Вячеслав Курицын

— Александр Константинович, а вы за футбол болеете? Летом все в Америку, на чемпионат, а вы из Америки в Россию.
— В футбол я играл и возрасте двенадцати лет, попав как-то в пионерский лагерь. Мой отчим — музыковед, мы все время отдыхали в разных домах творчества композиторов. Но в сорок девятом его сняли с работы по линии формализма и космополитизма, денег не стало, и пришлось ехать в пионерлагерь. Я играл в футбол все лето и был крайне горд тем, что мог остановить самого Айвазяна из первого отряда, которому было аж шестнадцать лет.

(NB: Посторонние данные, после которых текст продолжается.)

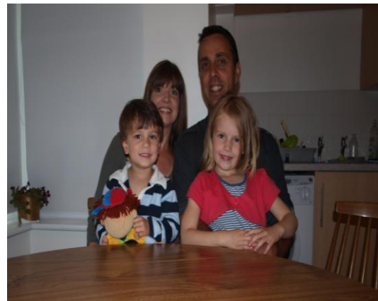
English Rural Housing Association

Affordable local needs homes are provided by Registered Providers and most are either rented or shared ownership, where the occupier part-buys and part-rents the property.
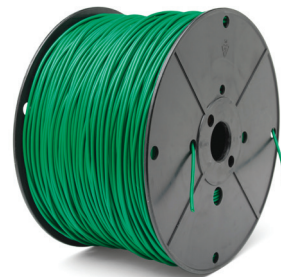
LOOP WIRE 522 91 41-01
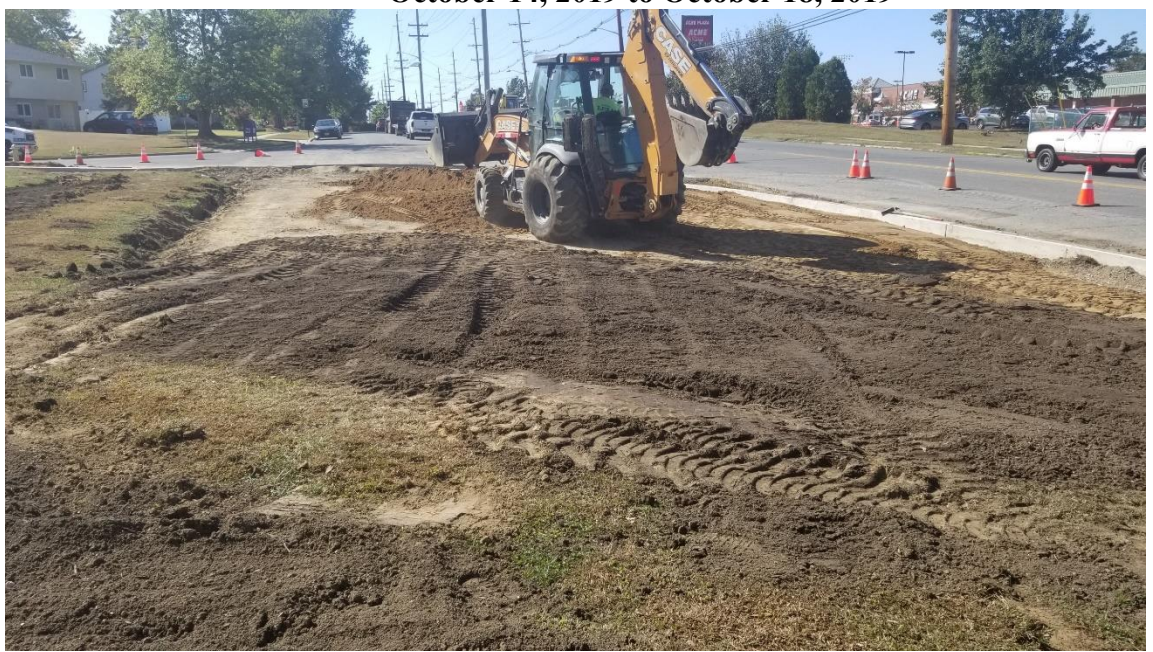
Figure 1. Lexa placed fill and topsoil behind curb at Location #1 eastbound.

А на стадион я пару раз ходил с Михаилом Александровичем Зенкевичем: он был болельщиком, а я дружил с его сыном Женькой. Еще мы играли в пуговичный футбол, знаете, был такой? Не знаете? После войны дети играли — на столе, на доске, на чемодане — в пуговичный футбол. Одиннадцать пуговиц-футболистов, большая пуговица-вратарь и пуговица-мяч (от рубашки), которую нужно было забить в ворота. Что-то вроде бильярда. Были сложные правила.

— Три типа пуговиц: прямо структуралистская такая забава. Из сегодняшнего дня герои-структуралисты воспринимаются как персонажи Аксенова или Стругацких, как целинники, полные задора, оптимизма, веры в прекрасное завтра. Вам действительно казалось тогда, что текст — а с ним и мир — можно объяснить “до конца”?
— В широком смысле это, может быть, верно, но вы не очень корректно расставляете акценты: Аксенов и целинники — все же разные вещи. Целинники — это что-то слишком комсомольски-официозное, Я не уверен, что у Аксенова вы где-то найдете целинников. Хотя его самый первый роман, “Коллеги”…

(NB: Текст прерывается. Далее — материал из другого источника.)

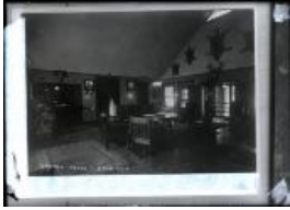
Interior of the Uintah Hotel (2023.40.47)
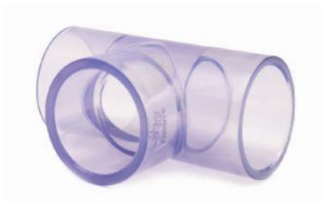
Clear PVC Tee(SxSxS)
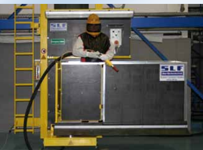
Sidewall-mounted swivelling lifting platform in a blastroom.
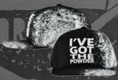
CAP SNAPBACK ART.NR.: 330-C117-050 SIZE: ONE SIZE
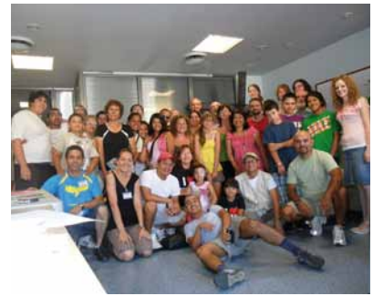
The entire team in Madrid

Please pray for those who have received the CD's and for those with whom we have had more profound contacts.
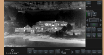
1. Video GUI
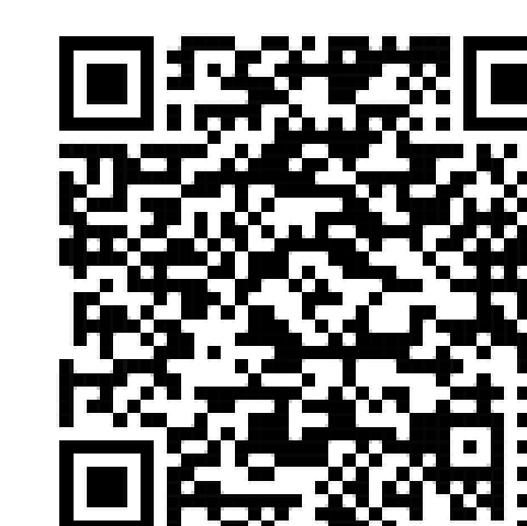
Bullock McElroy Trail
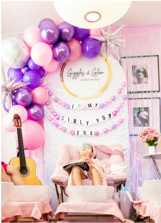
CORNER GARLAND (6FT)

**$10 per foot of balloons, pricing for add-in decor available as a customization
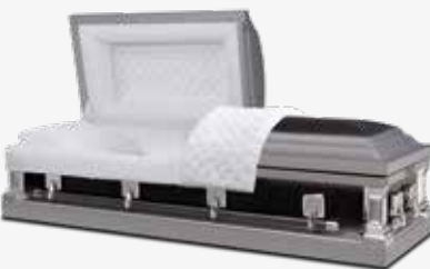
DETROIT PAGE 20
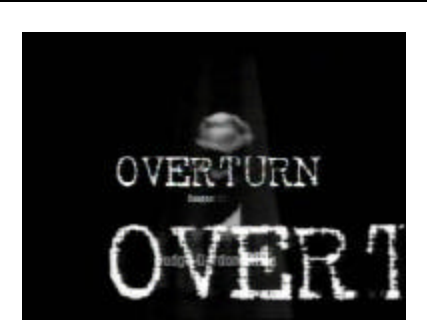
man who sexually assaulted a 6 year old girl. [Announcer2]: Maag
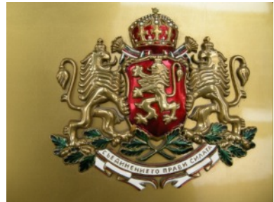
The Bulgarian Coat of Arms

Some heraldic authorities say that the golden lion represents Pharez Judah, while the red lion that of Zarah Judah
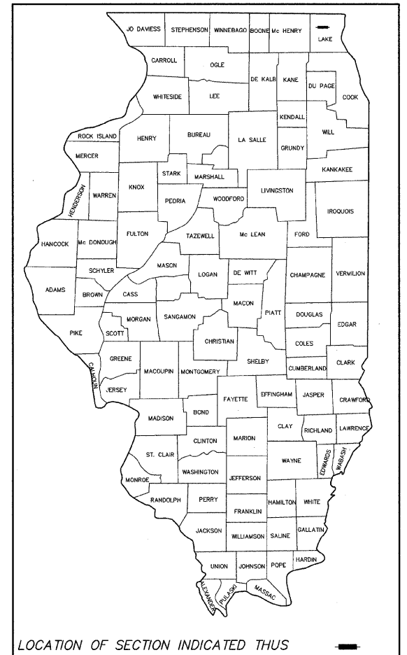
LOCATION OF SECTION INDICATED THUS
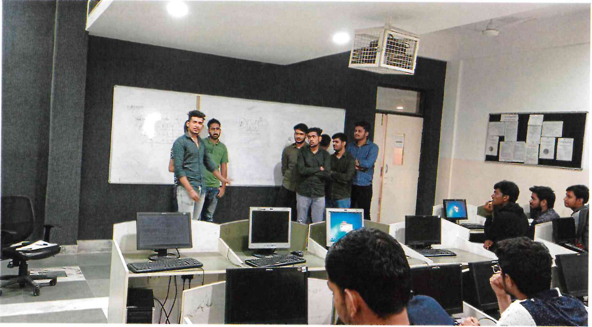
Language Lab – (2019-2020)
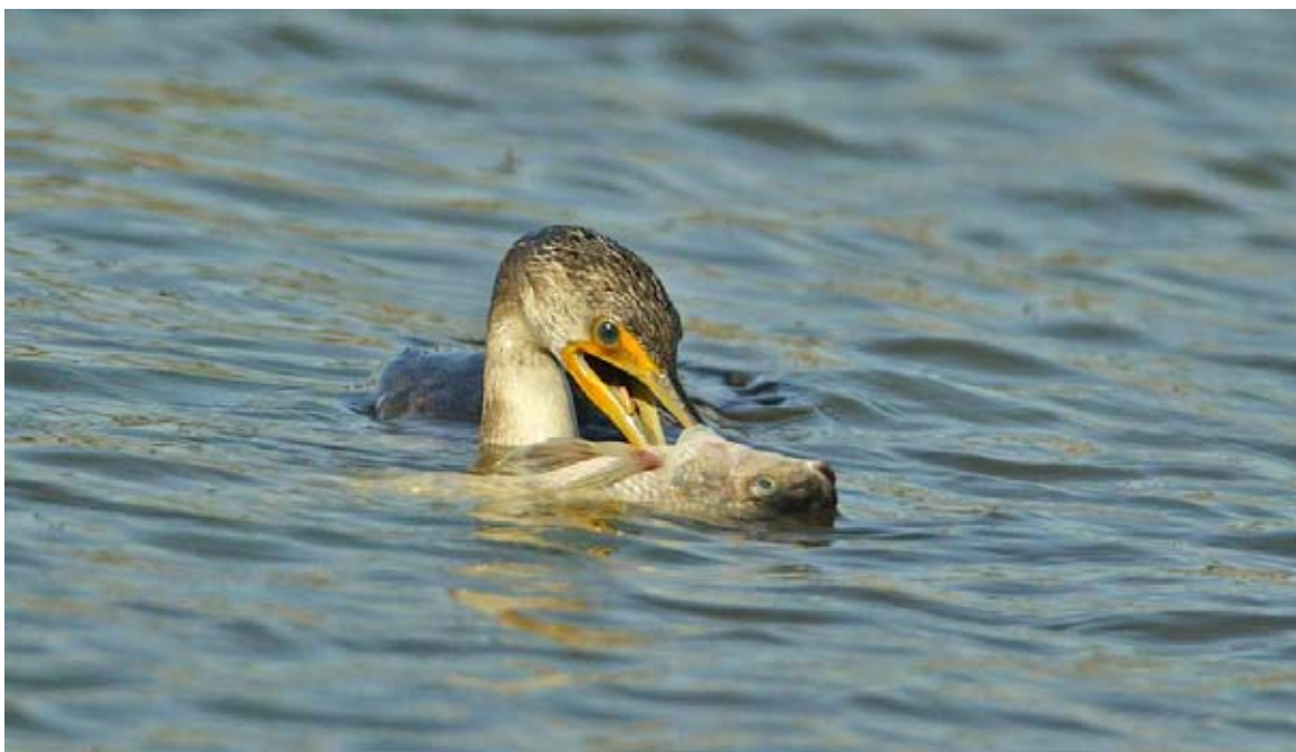
Figure 5. On this juvenile Double-crested Cormorant note the bare skin and color of the supra-loral and the pale throat and upper breast.
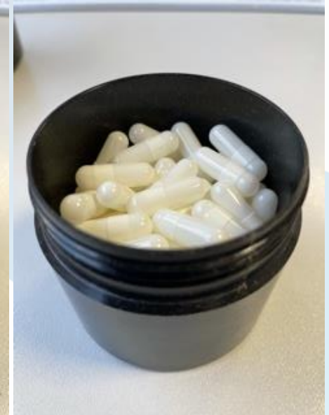
1 size x 90 capsules (80%)

*These pictures are for reference only. We recommend our customers to check the size of jars with their own product
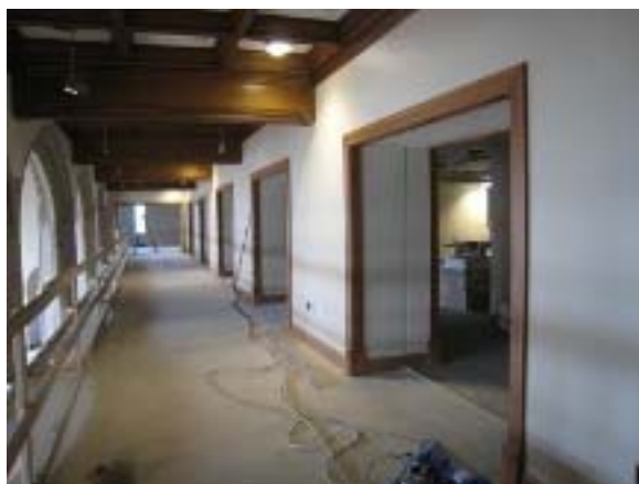
AT LEFT: A view of the mezzanine looking toward the former Center for Civil and Human Rights

AT RIGHT: This photo shows where the permanent Circulation desk will be (just behind the wall where it is in the temporary library space) and, on the right, the beginning of the special collections room.

— И “Железка”. Люди строят в тайге синхрофазотрон и уверены, что от этого все будут счастливы.
— Синхрофазотрон — все-таки не целина: здесь, видимо, стоит больше обращать внимания на различия, а не на общее, которое, конечно, есть. Разумеется, это был период, когда казалось возможным возникновение в советских рамках общества с человеческим лицом, казалось возможным объяснение мира, если речь шла о тексте, и разумной его переделке, если речь шла о жизни. Да, и мне казалось, что я делаю большое дело: и не только в советских, но и в мировых научных масштабах. Пафос был полный.

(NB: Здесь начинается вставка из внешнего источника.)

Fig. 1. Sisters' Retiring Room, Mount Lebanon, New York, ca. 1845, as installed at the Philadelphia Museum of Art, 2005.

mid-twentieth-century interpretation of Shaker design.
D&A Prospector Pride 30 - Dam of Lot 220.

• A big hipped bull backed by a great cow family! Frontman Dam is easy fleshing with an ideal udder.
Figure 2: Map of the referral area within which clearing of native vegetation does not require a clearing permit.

— Вы не видели, случайно, фильм Владимира Хотиненко “Зеркало для героя”? Это, надо полагать, одно из немногих произведений мирового кинематографа, где центральный персонаж — структурный лингвист. И вот этот лингвист попадает иэ благополучных семидесятых в тридцать седьмой. Мораль ясна: вы жизнь формулой меряете, и вот она вам мстит, показывает, кто в доме хозяин. Вам жизнь не мстила — за структурализм?
— В смысле “Женщины в песках”? Мстила ли  мне жизнь за мою рационалистическую наивность? Ну, прежде всего, сами мои структурные  занятия не имели социального успеха: жизнь, так сказать, не баловала.
У меня есть старший друг и соавтор, живущий теперь в Канаде, выдающийся лингвист Игорь Александрович Мельчук. Мы с ним занимались структурной лексикографией. Так вот. Он – нераскаянный структуралист-кибернетик. В гораздо более чистом виде, чем я. И что любопытно: структуралисты — люди, у которых прагматика отключена, они убеждены, что достаточно семантики. Сдвиг от структурализма к постструктурализму происходит в значительной мере через осознание роли дискурса, статегии, “власти”. Структуралисты обделены даром социального поведения. Вот Пригов, например, все здорово отрефлектировал по поводу того, как себя вести и вообще “строить”. Его стихи – главным образом игра со стратегиями. А структуралист притворяется перед собой, что прагматики нет, достаточно знать, как на самом деле, и не нужно вокруг этого наматывать еще какое-то ницшеанство. Показательно, что круг идей, связанных с Ницше, был непопулярен в поколении шестидесятых.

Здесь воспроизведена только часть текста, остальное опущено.